For a small network and low "follower" counts, yes.

But the moment you start scaling to potentially millions of posters each with a disjoint set of millions of followers the M:M connections for broadcast become problematic. The result of a chatty enough group would look identical to a DDOS to many/most of the nodes.

Every instance would only get the messages that its members have subscribed to. How can any system be more efficient than this?

A $5/month VM could ingest millions of messages per day. What's the problem?

Taylor Swift is the problem. In terms of the system design and architecture, it's an interview question for a distributed systems engineers. You've got a superstar user, with 89 million followers, how do you scale every aspect of your system to handle when she posts? Naturally you're object and say that Taylor Swift isn't going to moving to TekMolTwitter, but pwg said it won't work after a certain size and you said why not, and the short answer is that it doesn't scale past N users, and you can just cheat and say N is higher than you want to care about. We could do a bit of back of the envelope math to see that notifying 15 million users will saturate the gigabit link on you're $5 VPS if each notification packet is 64 bytes, and then design all sorts of queues and caches and redis and and and. It's a fun interview question (and practical problem for Twitter/X) but at the end of the day, if you believe in it, just go build it and get all of your friends and family to join TekMolTwitter (or Mastodon). It's entirely within your capabilities in 2025 to just go out and make something like that, so the thing is, if this is a something that you believe in you can just go do it. No one's stopping you.

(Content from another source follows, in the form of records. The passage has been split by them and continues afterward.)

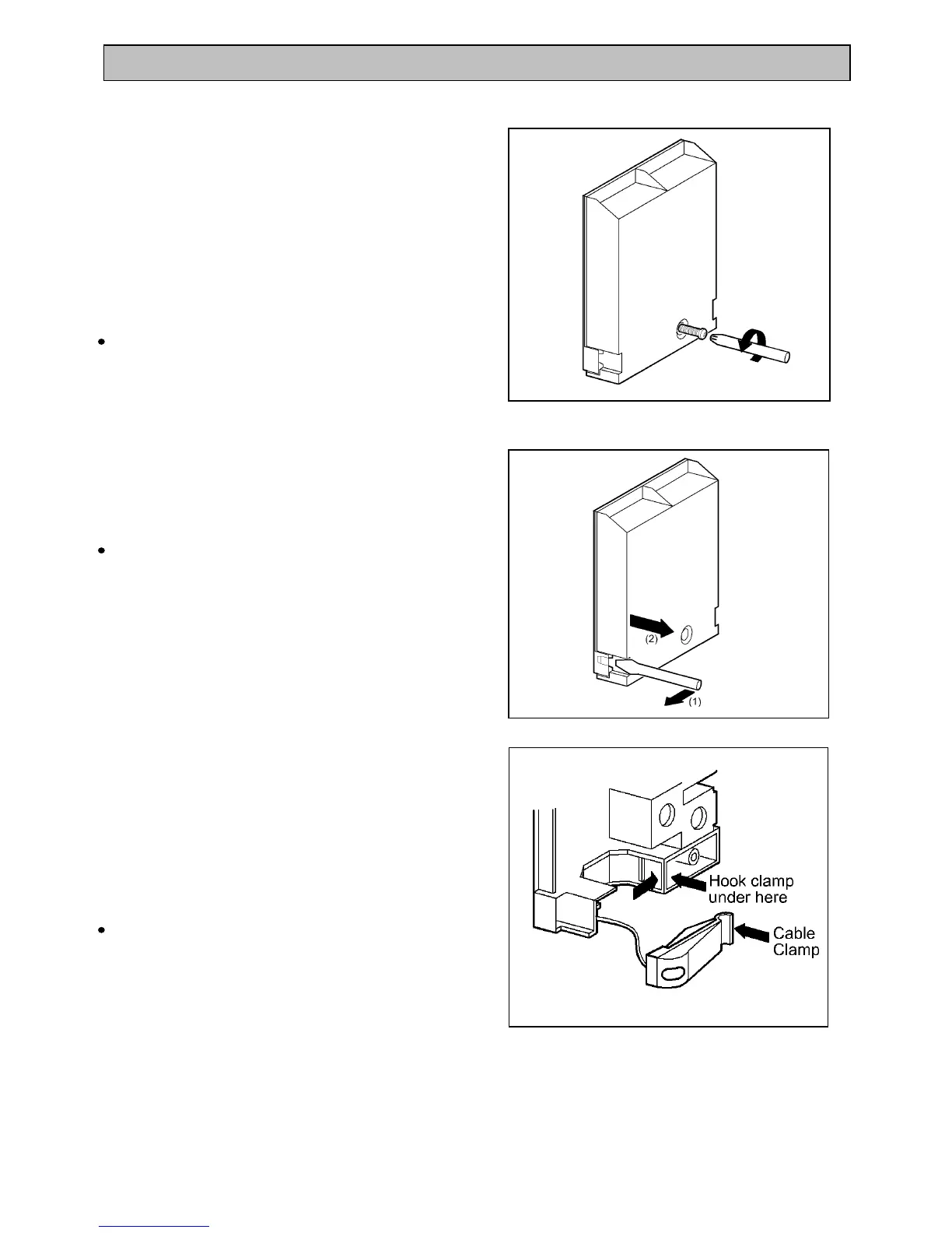 Lift cover and remove screw from cable clamp.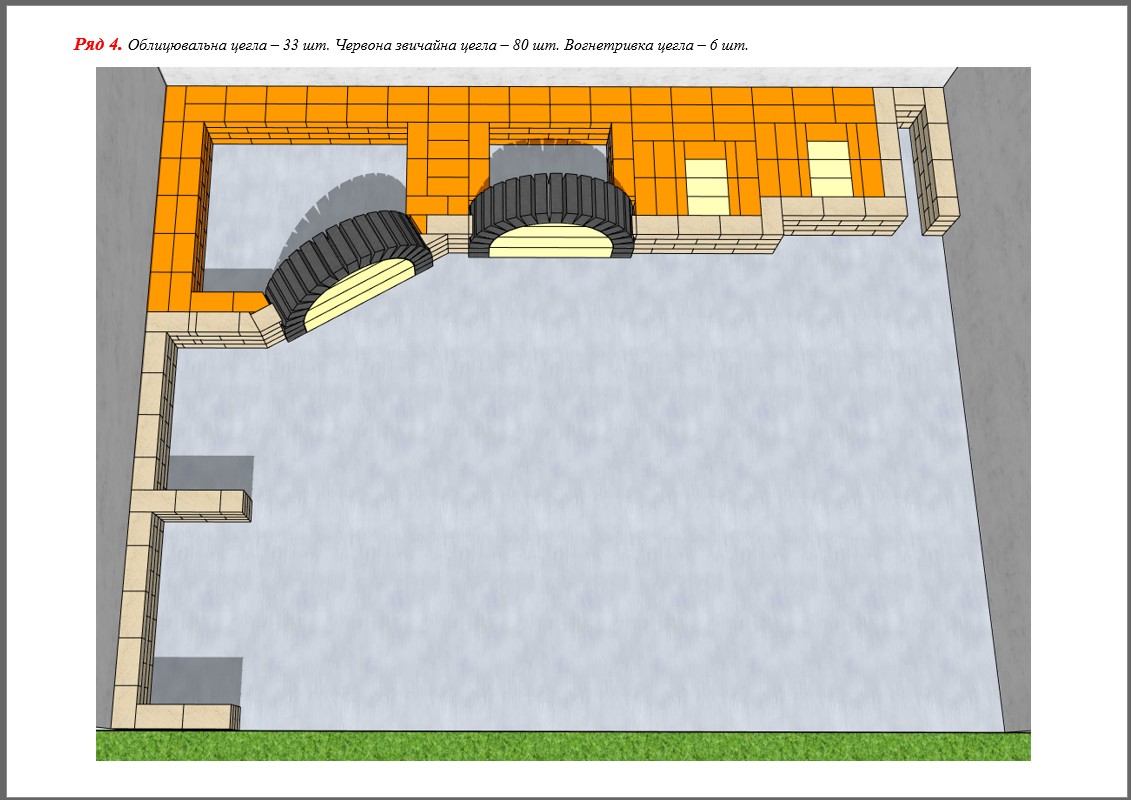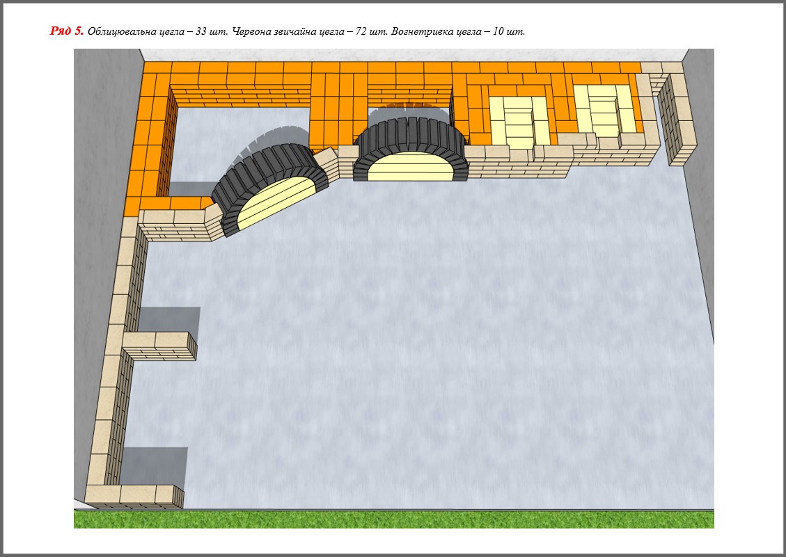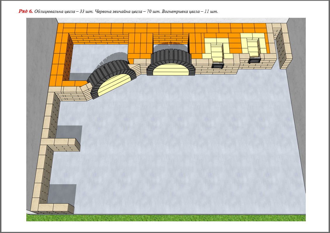 Перед кладкою даного комплексу кладеться ізолююча плівка. Використовується вогнетривка, облицювальна та звичайна цегла розміром 250*120*65 мм.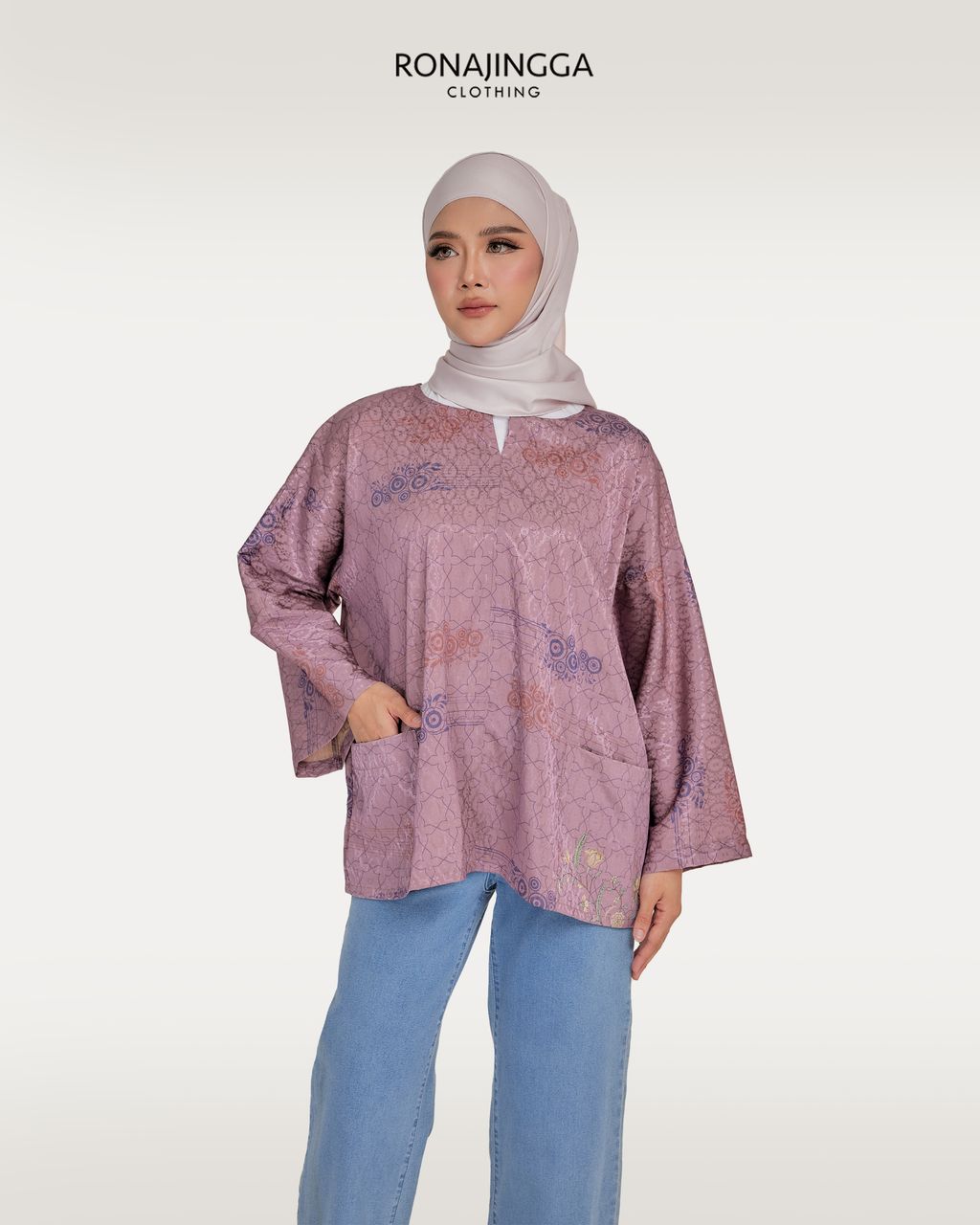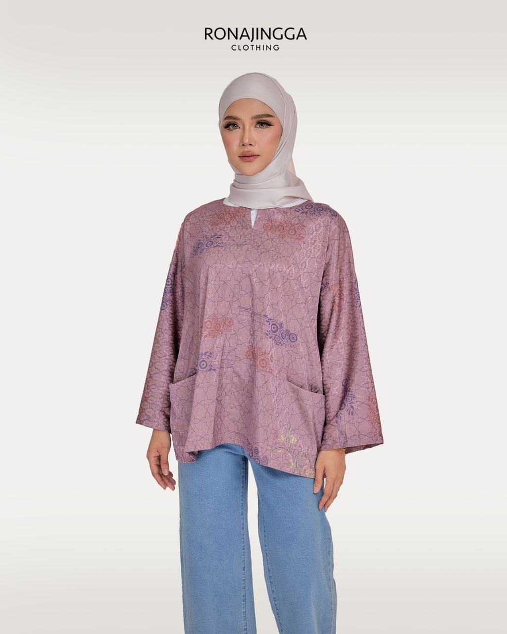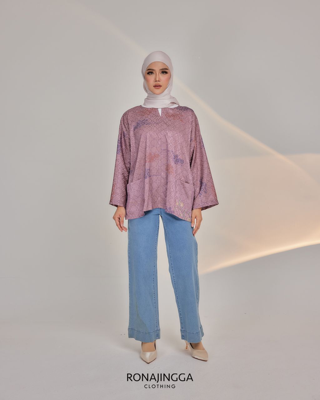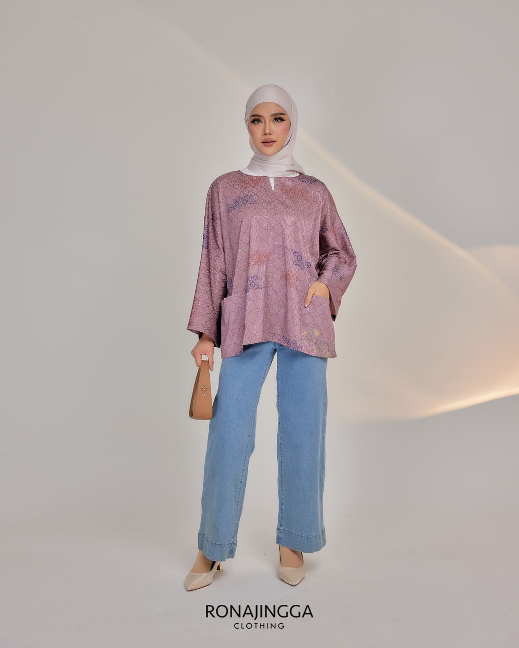 A premium super comfortable loose kedah cut top with 2 front pockets made from High Quality Premium Printed dobby & jacquard Silk that fits nicely on any body shape. The sleeves are wuduk' and dish washing friendly . It is a loose fit blouse that can be easily pulled up for breastfeeding / be worn as maternity wear.

https://highscalability.com/the-architecture-twitter-uses-to...

The reality is people aren't gonna bother when Facebook/Instagram/Snapchat/Twitter/TikTok/Substack/etc is right there.

Build it and get your friends to join you.

That falls apart as soon as one single node is a bad actor and starts sending out DDOS floods.

To add one simple, fundamental objection that scuppers your whole plan: Who allocates usernames? What happens if two instances have two seperate joesmiths?

Because the technical aspect of building the software like is the most fun and nerd–sniping, but perhaps the least important part in the process of building an audience and encouraging people to adopt it.

I am using Git submodules for dependencies. My approach to a situation like this:

    1: Clone gh.com/someone/LibBar to gh.com/me/LibBar
    2: Fix the bug
    3: Send pull request to someone
    5: git submodule set-url lib/LibBar https://gh.com/me/LibBar.git
       git submodule sync lib/LibBar
       git submodule update --init --remote --recursive lib/LibBar
       cd lib/LibBar/; git checkout main; cd ../..
       git add .; git commit -m "Use my own version of lib/LibBar"

And keep using my fork until upstream accepted my pull request. Then I switch the url of the dependency back.